Work request: For this exercise, write each entry below out precisely and omit the pictures.

Record excerpts:
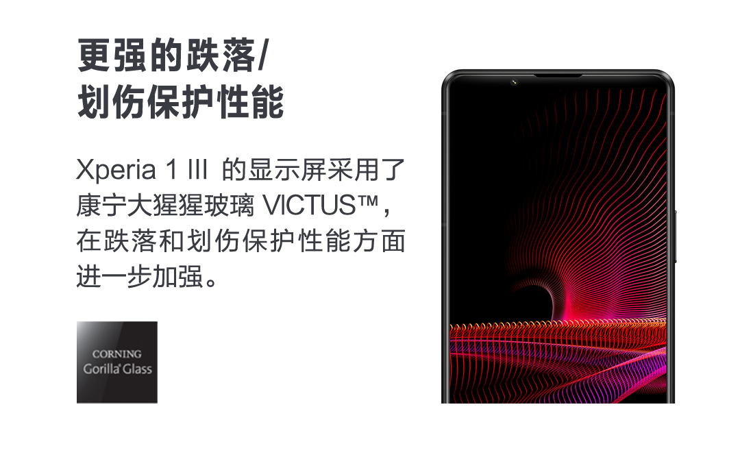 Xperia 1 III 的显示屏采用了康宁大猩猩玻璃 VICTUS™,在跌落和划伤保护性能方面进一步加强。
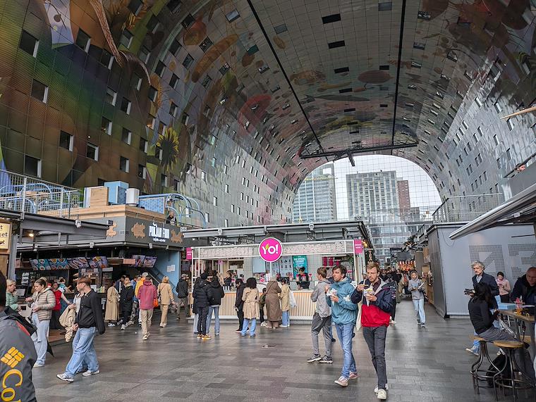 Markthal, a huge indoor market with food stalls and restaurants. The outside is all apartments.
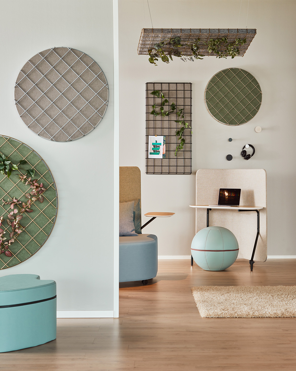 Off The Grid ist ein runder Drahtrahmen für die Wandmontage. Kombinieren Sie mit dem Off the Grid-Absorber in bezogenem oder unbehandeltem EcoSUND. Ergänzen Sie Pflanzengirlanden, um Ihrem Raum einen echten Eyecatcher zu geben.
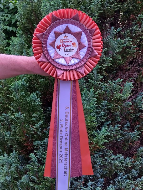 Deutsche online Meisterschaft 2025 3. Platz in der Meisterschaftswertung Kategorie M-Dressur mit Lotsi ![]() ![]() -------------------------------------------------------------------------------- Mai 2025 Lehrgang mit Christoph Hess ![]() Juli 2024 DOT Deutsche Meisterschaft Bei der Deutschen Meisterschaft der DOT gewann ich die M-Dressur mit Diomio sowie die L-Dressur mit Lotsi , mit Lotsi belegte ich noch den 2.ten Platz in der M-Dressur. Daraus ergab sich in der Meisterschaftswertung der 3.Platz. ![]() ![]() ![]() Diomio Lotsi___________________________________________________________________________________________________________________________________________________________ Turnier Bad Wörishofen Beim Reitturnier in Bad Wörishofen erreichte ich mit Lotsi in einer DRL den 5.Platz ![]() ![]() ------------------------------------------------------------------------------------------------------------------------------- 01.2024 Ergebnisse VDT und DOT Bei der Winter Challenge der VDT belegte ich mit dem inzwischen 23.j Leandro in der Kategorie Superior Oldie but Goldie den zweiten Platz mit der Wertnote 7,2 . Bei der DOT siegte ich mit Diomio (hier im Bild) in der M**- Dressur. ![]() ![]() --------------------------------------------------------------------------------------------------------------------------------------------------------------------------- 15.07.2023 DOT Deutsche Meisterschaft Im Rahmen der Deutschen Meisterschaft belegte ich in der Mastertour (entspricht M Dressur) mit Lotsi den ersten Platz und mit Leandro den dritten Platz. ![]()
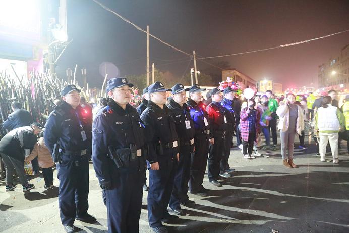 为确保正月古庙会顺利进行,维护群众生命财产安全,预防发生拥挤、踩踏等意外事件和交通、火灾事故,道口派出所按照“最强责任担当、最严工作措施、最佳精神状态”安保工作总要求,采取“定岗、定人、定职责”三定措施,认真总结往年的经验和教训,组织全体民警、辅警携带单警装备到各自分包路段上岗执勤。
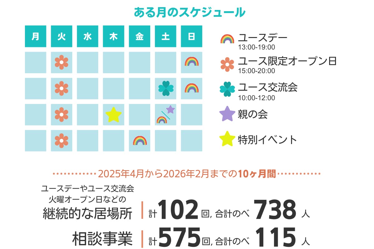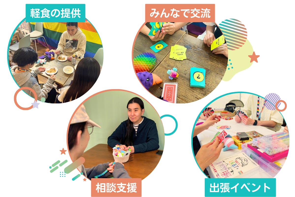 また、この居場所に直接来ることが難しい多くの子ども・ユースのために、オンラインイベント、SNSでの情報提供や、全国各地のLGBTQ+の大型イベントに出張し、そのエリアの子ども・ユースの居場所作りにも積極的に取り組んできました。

Result of the task:
 Xperia 1 III 的显示屏采用了康宁大猩猩玻璃 VICTUS™,在跌落和划伤保护性能方面进一步加强。
 Markthal, a huge indoor market with food stalls and restaurants. The outside is all apartments.
 Off The Grid ist ein runder Drahtrahmen für die Wandmontage. Kombinieren Sie mit dem Off the Grid-Absorber in bezogenem oder unbehandeltem EcoSUND. Ergänzen Sie Pflanzengirlanden, um Ihrem Raum einen echten Eyecatcher zu geben.
 Deutsche online Meisterschaft 2025 3. Platz in der Meisterschaftswertung Kategorie M-Dressur mit Lotsi ![]() ![]() -------------------------------------------------------------------------------- Mai 2025 Lehrgang mit Christoph Hess ![]() Juli 2024 DOT Deutsche Meisterschaft Bei der Deutschen Meisterschaft der DOT gewann ich die M-Dressur mit Diomio sowie die L-Dressur mit Lotsi , mit Lotsi belegte ich noch den 2.ten Platz in der M-Dressur. Daraus ergab sich in der Meisterschaftswertung der 3.Platz. ![]() ![]() ![]() Diomio Lotsi___________________________________________________________________________________________________________________________________________________________ Turnier Bad Wörishofen Beim Reitturnier in Bad Wörishofen erreichte ich mit Lotsi in einer DRL den 5.Platz ![]() ![]() ------------------------------------------------------------------------------------------------------------------------------- 01.2024 Ergebnisse VDT und DOT Bei der Winter Challenge der VDT belegte ich mit dem inzwischen 23.j Leandro in der Kategorie Superior Oldie but Goldie den zweiten Platz mit der Wertnote 7,2 . Bei der DOT siegte ich mit Diomio (hier im Bild) in der M**- Dressur. ![]() ![]() --------------------------------------------------------------------------------------------------------------------------------------------------------------------------- 15.07.2023 DOT Deutsche Meisterschaft Im Rahmen der Deutschen Meisterschaft belegte ich in der Mastertour (entspricht M Dressur) mit Lotsi den ersten Platz und mit Leandro den dritten Platz. ![]()
 为确保正月古庙会顺利进行,维护群众生命财产安全,预防发生拥挤、踩踏等意外事件和交通、火灾事故,道口派出所按照“最强责任担当、最严工作措施、最佳精神状态”安保工作总要求,采取“定岗、定人、定职责”三定措施,认真总结往年的经验和教训,组织全体民警、辅警携带单警装备到各自分包路段上岗执勤。
 また、この居場所に直接来ることが難しい多くの子ども・ユースのために、オンラインイベント、SNSでの情報提供や、全国各地のLGBTQ+の大型イベントに出張し、そのエリアの子ども・ユースの居場所作りにも積極的に取り組んできました。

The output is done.